Good advice. I'm used to forums that automatically quote replies.
I'm not sure about this. For example, companies are already storing digital text and image codes using DNA. A cubic cm of DNA is capable of storing 5 petabits of information. The actual total amount of information for something with the energy of the brain itself would necissarily be far larger than what is coded in ways that are usable for the brain's components, because you'd be talking about the total phase space of the brain, all the possible molecular arrangements that are compatible with the observed macrostate. The amount of potential configurations and permutations is astronomical. This huge amount of entropy is true even for a mole of hydrogen gas sitting in a liter container at room temperature. Just think about how large Avogadro's number is.
All this is quite interesting!
I have no idea about geneticism. (Regarding "memory" I have only heard about "genetic memory", ehich is a different thing.)
But, because I am --and always was-- quite interested in the subject of memory, I just searched for memory+DNA+capacity in the present context and found some interesting articles:
- "Are memories stored in DNA?"
(https://www.scienceinpublic.com.au/csl/fellow-dna)
It says "Geoff Faulkner is testing a bold idea— he thinks long-term memory might be stored in our brain’s DNA." Etc. But this is just a "bold idea".
- "DNA can carry memories of traumatic stress down the generations"
(https://cordis.europa.eu/article/id/122740-dna-can-carry-memories-of-traumatic-stress-down-the-generations)
It says, "Animal and human investigations indicate that the impact of trauma experienced by mothers affects early offspring development, but new research is also discovering that it is also actually encoded into the DNA of subsequent generations.". We are talking here about memory of sensations (pain, etc.)

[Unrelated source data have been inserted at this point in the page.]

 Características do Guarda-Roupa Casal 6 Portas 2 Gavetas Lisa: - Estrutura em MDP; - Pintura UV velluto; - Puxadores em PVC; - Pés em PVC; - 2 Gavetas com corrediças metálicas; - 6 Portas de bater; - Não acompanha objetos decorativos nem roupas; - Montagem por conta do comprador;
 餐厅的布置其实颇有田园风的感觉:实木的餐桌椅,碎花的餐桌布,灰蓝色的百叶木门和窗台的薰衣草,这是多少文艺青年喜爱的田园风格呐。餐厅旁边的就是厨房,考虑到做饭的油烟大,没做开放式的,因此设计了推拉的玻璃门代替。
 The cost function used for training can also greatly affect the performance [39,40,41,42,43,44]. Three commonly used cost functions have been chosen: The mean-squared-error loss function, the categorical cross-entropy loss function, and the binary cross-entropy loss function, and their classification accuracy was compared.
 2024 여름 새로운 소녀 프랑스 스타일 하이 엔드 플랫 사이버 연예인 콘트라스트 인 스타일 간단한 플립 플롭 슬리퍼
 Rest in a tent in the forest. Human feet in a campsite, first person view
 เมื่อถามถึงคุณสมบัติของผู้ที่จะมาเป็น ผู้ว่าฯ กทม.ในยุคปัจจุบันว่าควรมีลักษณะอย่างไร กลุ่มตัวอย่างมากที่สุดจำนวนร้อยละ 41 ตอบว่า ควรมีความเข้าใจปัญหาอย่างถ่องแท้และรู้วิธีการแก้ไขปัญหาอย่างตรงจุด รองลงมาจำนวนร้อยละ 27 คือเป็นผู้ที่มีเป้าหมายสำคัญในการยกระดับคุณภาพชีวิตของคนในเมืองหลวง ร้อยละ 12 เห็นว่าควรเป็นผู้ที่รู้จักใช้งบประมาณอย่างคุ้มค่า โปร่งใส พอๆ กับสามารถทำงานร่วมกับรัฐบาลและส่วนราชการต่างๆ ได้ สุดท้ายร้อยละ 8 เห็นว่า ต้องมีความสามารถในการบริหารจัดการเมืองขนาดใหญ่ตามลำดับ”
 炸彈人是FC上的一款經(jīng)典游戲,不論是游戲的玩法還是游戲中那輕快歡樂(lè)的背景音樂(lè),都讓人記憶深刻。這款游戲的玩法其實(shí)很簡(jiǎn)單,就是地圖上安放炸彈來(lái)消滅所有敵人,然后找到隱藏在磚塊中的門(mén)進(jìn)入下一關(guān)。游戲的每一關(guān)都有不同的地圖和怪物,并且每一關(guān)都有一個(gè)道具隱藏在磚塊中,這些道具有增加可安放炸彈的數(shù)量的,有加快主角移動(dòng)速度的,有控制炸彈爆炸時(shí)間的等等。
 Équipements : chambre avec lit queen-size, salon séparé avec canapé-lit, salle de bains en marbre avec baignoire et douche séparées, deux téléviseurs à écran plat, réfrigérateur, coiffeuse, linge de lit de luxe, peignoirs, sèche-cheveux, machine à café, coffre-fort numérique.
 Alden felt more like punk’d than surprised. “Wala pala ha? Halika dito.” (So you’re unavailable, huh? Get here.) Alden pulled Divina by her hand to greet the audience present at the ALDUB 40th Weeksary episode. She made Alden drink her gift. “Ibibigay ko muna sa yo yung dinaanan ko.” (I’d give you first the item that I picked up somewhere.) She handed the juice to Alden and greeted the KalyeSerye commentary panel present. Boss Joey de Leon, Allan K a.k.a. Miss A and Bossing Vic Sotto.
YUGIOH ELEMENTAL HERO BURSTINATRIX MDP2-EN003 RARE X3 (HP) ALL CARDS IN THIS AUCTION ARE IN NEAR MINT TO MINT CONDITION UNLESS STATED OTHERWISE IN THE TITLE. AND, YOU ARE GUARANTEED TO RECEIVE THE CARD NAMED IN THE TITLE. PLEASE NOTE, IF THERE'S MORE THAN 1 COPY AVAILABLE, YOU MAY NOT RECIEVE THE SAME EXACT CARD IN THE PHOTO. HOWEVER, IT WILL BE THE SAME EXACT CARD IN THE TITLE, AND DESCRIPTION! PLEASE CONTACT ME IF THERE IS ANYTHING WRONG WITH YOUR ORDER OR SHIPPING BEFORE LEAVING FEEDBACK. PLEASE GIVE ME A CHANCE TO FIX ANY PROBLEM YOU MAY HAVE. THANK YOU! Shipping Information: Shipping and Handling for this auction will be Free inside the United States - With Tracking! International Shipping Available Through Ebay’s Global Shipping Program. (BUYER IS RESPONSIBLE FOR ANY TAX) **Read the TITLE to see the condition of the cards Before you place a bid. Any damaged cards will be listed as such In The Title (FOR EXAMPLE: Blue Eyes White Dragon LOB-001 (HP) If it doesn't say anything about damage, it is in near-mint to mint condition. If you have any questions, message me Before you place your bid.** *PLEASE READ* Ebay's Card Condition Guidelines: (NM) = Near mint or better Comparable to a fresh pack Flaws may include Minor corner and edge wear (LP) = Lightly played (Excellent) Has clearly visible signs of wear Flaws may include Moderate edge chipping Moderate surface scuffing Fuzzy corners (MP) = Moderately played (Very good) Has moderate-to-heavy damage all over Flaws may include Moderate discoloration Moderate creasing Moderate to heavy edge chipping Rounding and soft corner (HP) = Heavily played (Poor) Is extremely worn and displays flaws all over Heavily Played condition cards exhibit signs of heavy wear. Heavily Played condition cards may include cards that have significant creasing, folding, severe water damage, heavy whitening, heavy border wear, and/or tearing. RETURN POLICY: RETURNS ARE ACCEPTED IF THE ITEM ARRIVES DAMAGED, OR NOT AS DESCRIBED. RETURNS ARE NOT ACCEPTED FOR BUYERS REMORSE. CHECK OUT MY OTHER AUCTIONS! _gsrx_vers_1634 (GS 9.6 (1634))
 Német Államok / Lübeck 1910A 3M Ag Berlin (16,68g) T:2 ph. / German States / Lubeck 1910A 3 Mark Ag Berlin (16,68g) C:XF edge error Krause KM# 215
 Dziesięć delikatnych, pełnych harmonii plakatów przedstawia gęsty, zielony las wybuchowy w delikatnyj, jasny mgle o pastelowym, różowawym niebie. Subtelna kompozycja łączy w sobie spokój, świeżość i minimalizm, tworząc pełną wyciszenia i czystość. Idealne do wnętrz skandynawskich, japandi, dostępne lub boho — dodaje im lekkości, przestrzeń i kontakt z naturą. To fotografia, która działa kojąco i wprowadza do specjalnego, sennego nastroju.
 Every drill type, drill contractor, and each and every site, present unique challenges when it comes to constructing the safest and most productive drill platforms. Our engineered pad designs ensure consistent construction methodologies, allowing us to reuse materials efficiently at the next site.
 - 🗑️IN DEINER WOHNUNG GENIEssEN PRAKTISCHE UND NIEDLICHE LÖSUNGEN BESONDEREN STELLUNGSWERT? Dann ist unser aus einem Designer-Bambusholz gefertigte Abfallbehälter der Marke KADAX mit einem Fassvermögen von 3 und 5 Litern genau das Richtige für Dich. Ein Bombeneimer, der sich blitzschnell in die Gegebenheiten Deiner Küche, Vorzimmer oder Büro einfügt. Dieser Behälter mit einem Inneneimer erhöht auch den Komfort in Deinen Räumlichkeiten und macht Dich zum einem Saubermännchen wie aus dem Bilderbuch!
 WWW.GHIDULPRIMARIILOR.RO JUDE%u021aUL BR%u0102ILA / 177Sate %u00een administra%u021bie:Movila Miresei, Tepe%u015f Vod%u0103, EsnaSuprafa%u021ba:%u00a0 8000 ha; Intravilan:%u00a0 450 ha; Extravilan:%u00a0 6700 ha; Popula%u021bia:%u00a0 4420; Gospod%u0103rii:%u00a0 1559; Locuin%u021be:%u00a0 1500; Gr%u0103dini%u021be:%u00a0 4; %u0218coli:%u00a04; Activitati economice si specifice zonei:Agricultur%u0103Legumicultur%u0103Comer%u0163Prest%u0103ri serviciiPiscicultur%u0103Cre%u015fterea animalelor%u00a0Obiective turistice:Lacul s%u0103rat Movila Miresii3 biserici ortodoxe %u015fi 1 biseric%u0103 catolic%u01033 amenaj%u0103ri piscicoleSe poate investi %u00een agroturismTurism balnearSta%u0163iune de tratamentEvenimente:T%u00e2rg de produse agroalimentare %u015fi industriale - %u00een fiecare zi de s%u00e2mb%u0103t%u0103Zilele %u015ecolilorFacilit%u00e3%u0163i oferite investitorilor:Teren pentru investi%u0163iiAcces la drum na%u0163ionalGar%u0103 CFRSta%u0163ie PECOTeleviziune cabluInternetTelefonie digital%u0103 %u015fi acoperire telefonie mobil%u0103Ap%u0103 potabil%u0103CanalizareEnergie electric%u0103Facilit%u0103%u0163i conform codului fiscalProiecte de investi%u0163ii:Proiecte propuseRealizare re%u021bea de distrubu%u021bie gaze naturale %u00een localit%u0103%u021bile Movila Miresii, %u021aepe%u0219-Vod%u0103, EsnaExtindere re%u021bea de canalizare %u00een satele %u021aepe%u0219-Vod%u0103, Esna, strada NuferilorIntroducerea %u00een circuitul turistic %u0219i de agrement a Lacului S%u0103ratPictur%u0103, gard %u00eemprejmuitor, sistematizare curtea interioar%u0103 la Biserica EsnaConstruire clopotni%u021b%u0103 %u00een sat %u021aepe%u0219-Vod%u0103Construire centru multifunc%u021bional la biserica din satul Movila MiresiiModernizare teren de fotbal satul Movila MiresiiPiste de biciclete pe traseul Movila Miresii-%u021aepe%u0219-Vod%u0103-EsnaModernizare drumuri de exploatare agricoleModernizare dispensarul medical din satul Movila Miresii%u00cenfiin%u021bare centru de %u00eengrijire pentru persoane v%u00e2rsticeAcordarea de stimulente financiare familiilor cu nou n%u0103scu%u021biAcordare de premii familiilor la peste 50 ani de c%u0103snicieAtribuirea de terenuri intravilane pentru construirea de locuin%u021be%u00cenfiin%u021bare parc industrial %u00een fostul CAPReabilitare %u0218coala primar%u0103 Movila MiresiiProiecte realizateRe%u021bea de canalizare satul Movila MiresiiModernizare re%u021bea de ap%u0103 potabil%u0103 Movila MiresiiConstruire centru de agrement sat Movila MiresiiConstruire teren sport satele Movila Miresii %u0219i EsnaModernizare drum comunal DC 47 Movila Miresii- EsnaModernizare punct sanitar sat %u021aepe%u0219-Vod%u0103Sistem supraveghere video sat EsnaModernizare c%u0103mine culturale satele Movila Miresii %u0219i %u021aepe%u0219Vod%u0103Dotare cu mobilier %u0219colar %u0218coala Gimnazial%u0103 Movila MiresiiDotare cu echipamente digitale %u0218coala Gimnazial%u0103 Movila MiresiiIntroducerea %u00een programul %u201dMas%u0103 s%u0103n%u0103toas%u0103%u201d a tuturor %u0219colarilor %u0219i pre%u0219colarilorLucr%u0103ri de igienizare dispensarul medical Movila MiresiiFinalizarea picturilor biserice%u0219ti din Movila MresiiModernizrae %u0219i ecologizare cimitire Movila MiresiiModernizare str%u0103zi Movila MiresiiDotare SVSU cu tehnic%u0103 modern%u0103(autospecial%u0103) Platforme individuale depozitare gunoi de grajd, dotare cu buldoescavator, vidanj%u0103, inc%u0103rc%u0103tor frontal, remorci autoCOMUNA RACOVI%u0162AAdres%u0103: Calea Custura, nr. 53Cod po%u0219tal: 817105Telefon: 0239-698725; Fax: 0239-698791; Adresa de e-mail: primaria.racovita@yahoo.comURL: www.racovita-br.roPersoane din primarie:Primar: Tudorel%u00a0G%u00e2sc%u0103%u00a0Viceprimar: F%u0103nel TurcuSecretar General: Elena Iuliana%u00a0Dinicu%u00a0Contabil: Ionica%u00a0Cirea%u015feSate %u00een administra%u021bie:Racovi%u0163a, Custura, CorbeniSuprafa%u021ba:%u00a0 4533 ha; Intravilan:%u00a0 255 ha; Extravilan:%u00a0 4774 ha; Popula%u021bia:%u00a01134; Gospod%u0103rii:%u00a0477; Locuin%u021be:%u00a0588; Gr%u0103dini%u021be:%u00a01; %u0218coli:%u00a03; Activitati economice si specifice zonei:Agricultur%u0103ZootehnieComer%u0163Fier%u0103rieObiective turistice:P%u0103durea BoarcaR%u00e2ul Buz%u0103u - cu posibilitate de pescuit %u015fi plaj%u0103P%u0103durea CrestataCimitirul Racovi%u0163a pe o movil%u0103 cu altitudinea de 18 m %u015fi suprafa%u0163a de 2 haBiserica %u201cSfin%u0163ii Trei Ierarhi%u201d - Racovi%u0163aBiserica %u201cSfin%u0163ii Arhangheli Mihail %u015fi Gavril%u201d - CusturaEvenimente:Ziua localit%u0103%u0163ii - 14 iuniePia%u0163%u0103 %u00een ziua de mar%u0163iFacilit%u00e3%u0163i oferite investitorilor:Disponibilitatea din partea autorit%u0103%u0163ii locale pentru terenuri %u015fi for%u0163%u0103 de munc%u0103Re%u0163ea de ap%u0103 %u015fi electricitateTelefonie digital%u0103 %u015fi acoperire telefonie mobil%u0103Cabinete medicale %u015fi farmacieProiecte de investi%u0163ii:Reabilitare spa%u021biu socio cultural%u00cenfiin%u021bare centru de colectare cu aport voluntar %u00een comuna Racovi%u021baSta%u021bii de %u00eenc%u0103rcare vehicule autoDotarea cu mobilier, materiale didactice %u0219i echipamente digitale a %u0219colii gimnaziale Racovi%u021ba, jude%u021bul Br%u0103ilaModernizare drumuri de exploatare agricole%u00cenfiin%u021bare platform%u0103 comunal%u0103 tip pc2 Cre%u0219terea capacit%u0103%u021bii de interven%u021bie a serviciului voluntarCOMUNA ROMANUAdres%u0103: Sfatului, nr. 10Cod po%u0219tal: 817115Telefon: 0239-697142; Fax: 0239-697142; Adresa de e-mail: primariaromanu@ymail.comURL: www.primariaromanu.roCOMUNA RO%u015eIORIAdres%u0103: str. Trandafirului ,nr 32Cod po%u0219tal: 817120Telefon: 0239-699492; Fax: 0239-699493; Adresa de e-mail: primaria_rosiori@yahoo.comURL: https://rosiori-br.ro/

- "Memories may be stored on your DNA"
(https://www.sciencedirect.com/science/article/abs/pii/S0262407908629930)
We read, "Experiments in mice suggest that patterns of chemical “caps” on our DNA may be responsible for preserving long and short-term memories" Mice! And most probably memories of sensations again.
- "DNA could store all of the world's data in one room"
(https://www.science.org/content/article/dna-could-store-all-worlds-data-one-room)
Subtitle: "New algorithm delivers the highest-ever density for large-scale data storage"
It talks about what you describe in your post. More precisely, "Now, researchers report that they've come up with a new way to encode digital data in DNA to create the highest-density large-scale data storage scheme ever invented. Capable of storing 215 petabytes (215 million gigabytes) in a single gram of DNA, the system could, in principle, store every bit of datum ever recorded by humans in a container about the size and weight of a couple of pickup trucks. But whether the technology takes off may depend on its cost."
Well, I don't know if by "humans" they mean "all the humans together" or just "any human" ... Because I can't think of a human brain with the size of two pickup trucks! :grin:
Besides, the project is still in its infancy ...
And so on. See, scienitists, in general, are so eager to find and prove that human memory is located and processed in the brain, that every now and then they come up with "exotic" theories, which of course fade away after some time, to be replaced with new ones. I have mentioned elsewhere in TPF, that they are using the wrong tools in getting involved in realms that are outside theirs. Some of them of course admit that some things are just a "mystery" and/or outside the realm of Science. Scientists are doing great things regarding matter and energy. Let them keep on in that realm!
(Note: I am referring to conventional Science and scientists; not the scientifc research, methods, experiments, etc. in general.)